Department stores need to protect their turf.

This story first appeared in the July 10, 2012 issue of WWD. Subscribe Today.

“Market share defensibility” has become critical to the sector’s credit profiles, according to an analysis from Fitch Ratings titled “Department Stores: Clamoring for Share,” written by analyst Monica Aggarwal.

The debt watchdog said the department store sector has been “the most pressured category in domestic retail and is one of the few major areas to have actually contracted in size over the past decade.

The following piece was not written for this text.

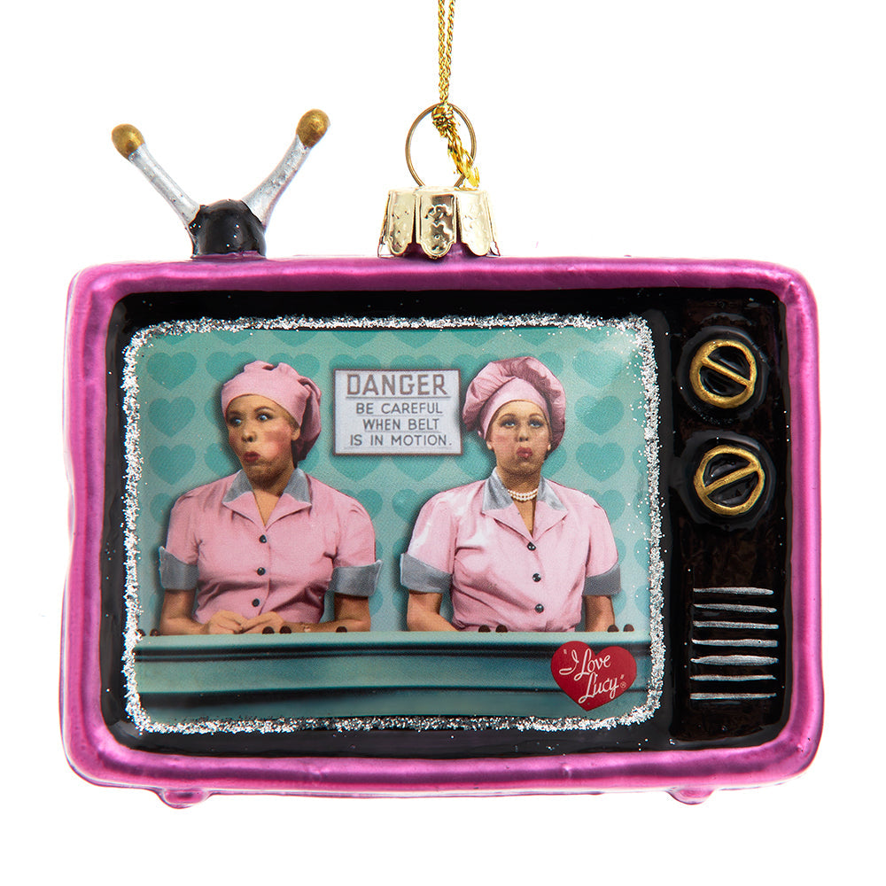 This "I Love Lucy® Glass TV Ornament" from Kurt Adler is a delightful and nostalgic addition to your holiday decor that pays tribute to one of the most beloved television shows of all time. This ornament features a miniature glass TV with a scene from the iconic "I Love Lucy®" series, capturing the timeless humor and charm of Lucy and Ethel. This charming ornament showcases intricate details with a lifelike appearance, including the black-and-white television screen displaying Lucy's antics. Crafted with attention to detail, this glass ornament is made from high-quality materials that evoke the nostalgia and joy of watching classic television. Celebrate the magic of the holidays and the joy of festive celebrations with our "I Love Lucy® Glass TV Ornament," and let it remind you of the laughter and happiness that this special time of year brings. Create cherished holiday traditions with this unique addition to your Christmas decorations, and let it be a symbol of the festive atmosphere and the timeless entertainment of classic television during the holidays.

As a result, market share gains are even more necessary to sustain healthy profits and cash flow.”

The sector’s lost share to specialty chains, discounters and off-pricers and saw its sales shrink at a compounded annual rate of 2.2 percent over the past decade as retail sales, excluding automobiles, rose 4 percent, Fitch said.

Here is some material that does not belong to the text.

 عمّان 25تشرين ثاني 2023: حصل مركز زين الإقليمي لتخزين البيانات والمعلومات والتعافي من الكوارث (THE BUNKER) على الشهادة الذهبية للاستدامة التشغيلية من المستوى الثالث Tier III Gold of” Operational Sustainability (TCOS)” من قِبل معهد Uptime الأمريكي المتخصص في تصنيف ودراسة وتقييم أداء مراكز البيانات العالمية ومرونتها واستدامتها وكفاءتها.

The pain hasn’t been felt universally, though.

Kohl’s Corp., which has hit a rough patch lately, has been the strongest department store gainer, growing its share of sales within the sector to 10 percent last year from 2.6 percent in 2000. And the rating agency said Macy’s Inc. was the best positioned in the middle market, with strong momentum from new merchandising and store initiatives.

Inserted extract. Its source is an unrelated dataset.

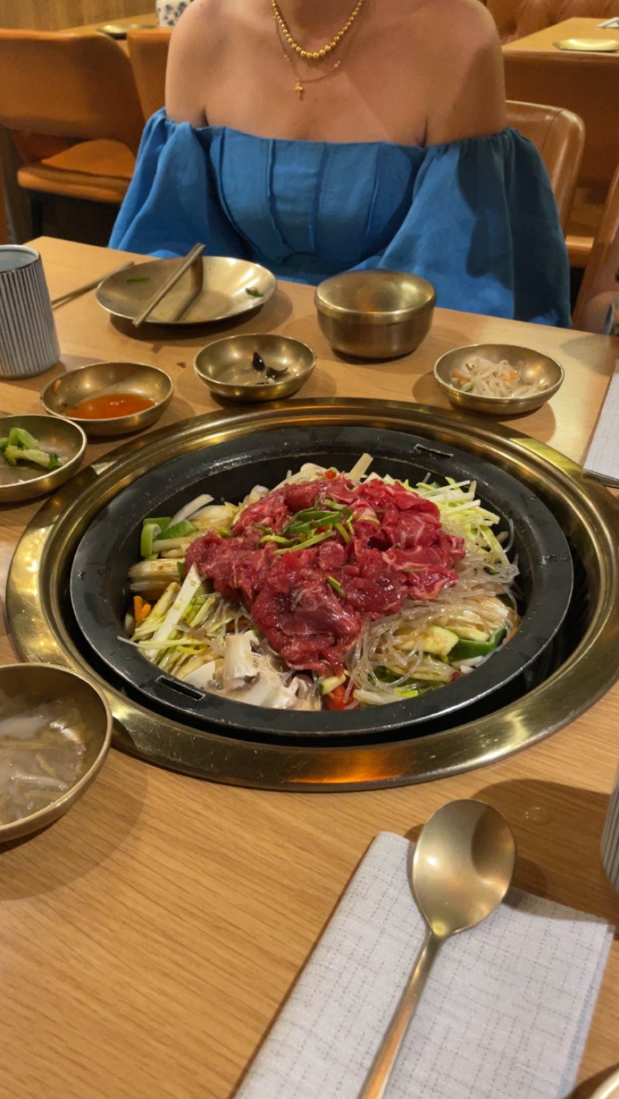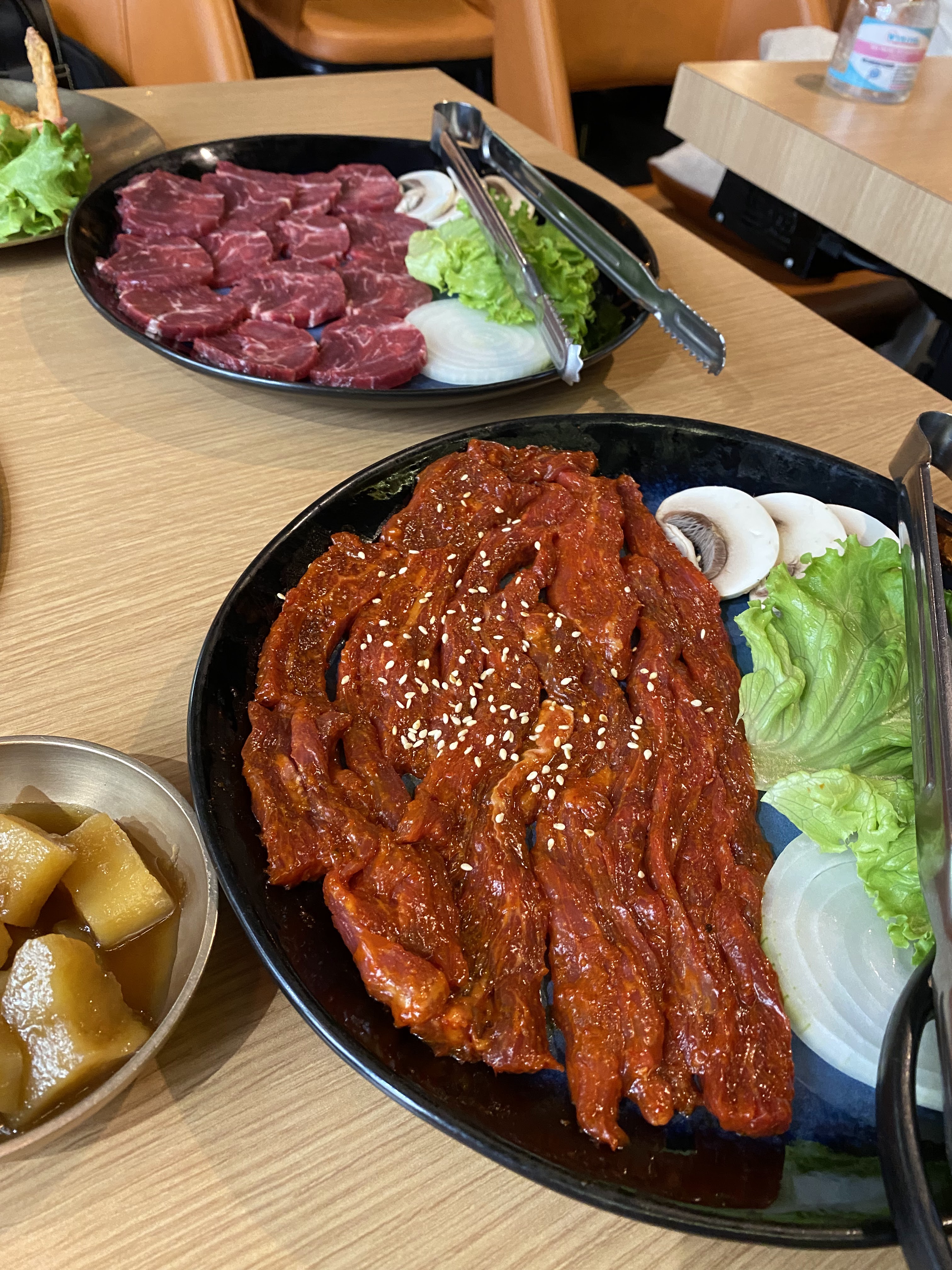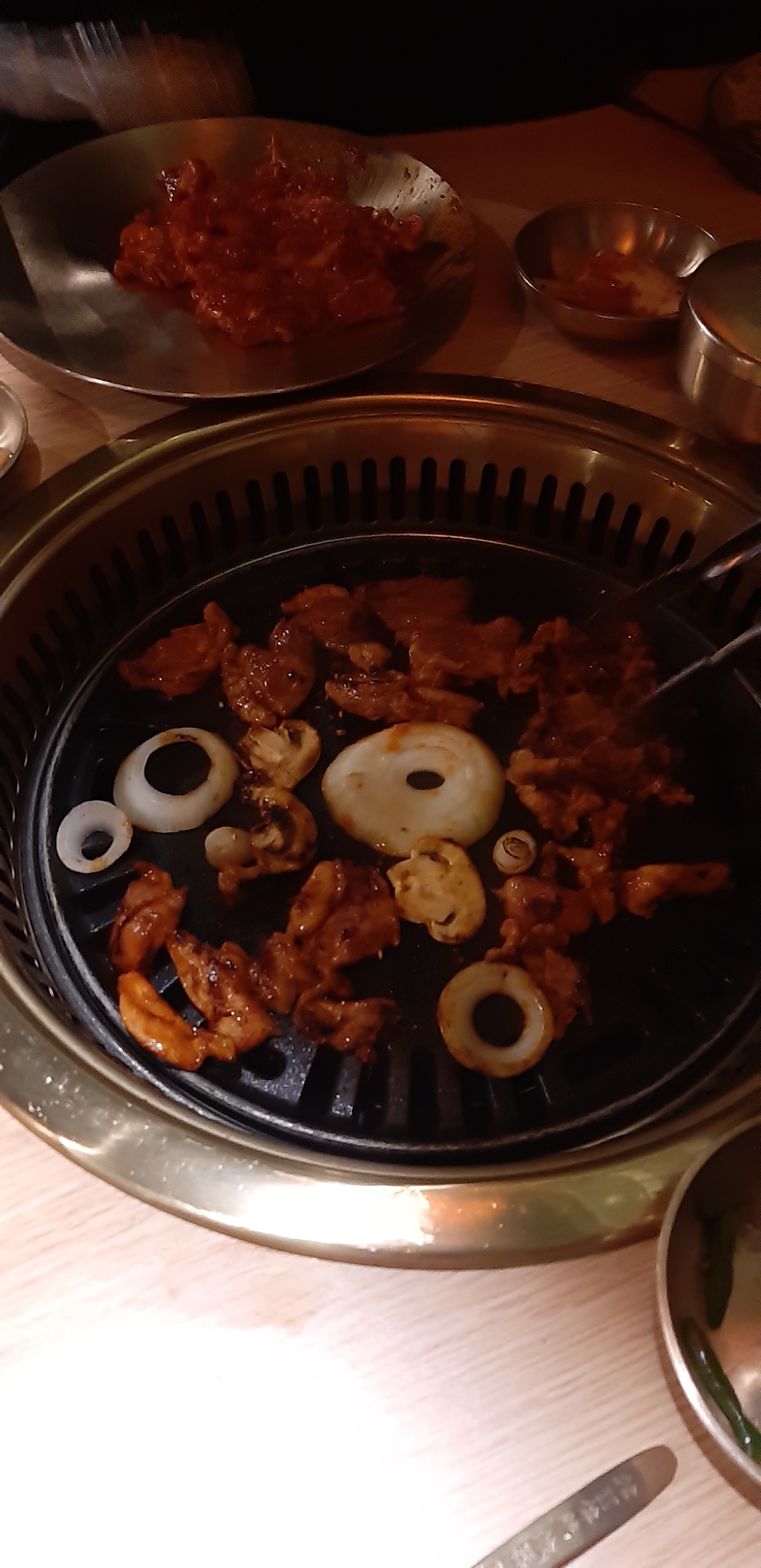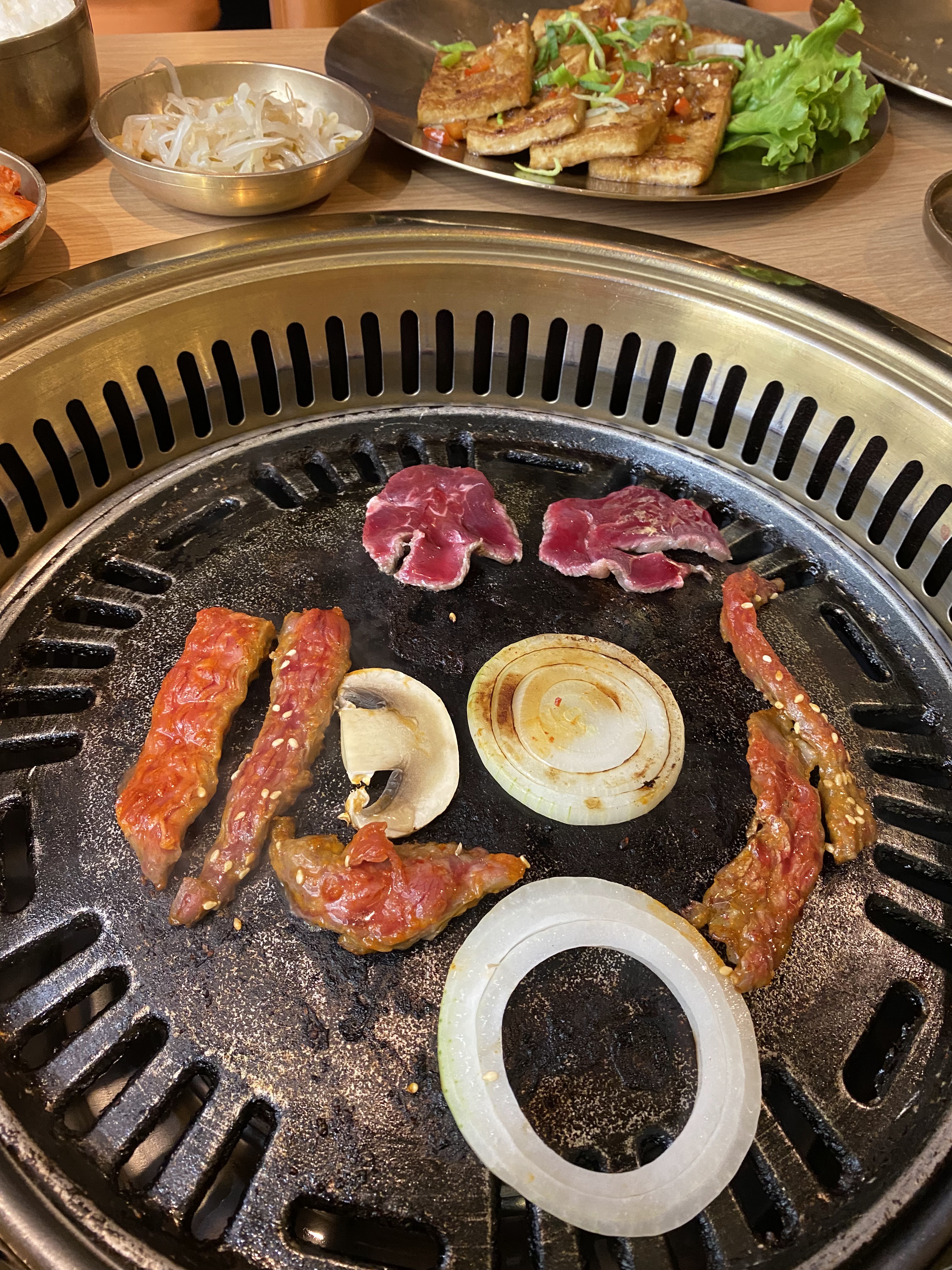 Nous avons partagé un délicieux bbq coréen avec entrecôte de boeuf mariné (excellent) et canard. Toujours très convivial de partager et faire ses grillades soi même :) Seul petit bémol les accompagnements sont en portions un peu maigres.

Sears Holdings Corp. has been the biggest share donor, giving up almost $9 billion in sales over the past five years, Fitch noted. More recently, J.C. Penney Co. Inc. has also lost some ground to competitors as it gets reinvented by chief executive officer Ron Johnson.

Fitch predicted the top 10 department stores as a group — Macy’s, Sears, Kohl’s, J.C. Penney, Nordstrom Inc., Dillard’s Inc., Neiman Marcus Inc., Belk Inc., Saks Inc. and The Bon-Ton Stores Inc. — would see no sales growth this year. Combined earnings before interest, taxes, depreciation and amortization are also expected to be about flat.

Weakness at Penney’s and Sears should be offset by relative strength at other large players.

Fitch said luxury department stores should continue to outperform this year, but that inventories seem to have grown faster than expected sales gains. “This could drive some downward pressure on gross margin for the remainder of 2012, particularly if sales momentum slows down given the continued stock market volatility,” Fitch said.

Looking further ahead, the sector faces online opportunities and offline challenges.

Fitch said department stores can better develop the e-commerce business to drive sales, but that vacant mall space could ultimately hurt customer traffic.

“Fitch thinks that more store closings and a potential restructuring of Sears over the next 24 months could have growing implications for traffic patterns and competitive dynamics within the mall,” said the report. “Mall vacancy rates could increase given the lack of appetite today of big-box retailers even outside the department store space to add incremental square footage.…The loss of an anchor tenant could potentially be a negative for the remaining retailers to the extent that it impacts mall traffic, given the significant overlap between retailers such as Macy’s, J.C. Penney and Sears.”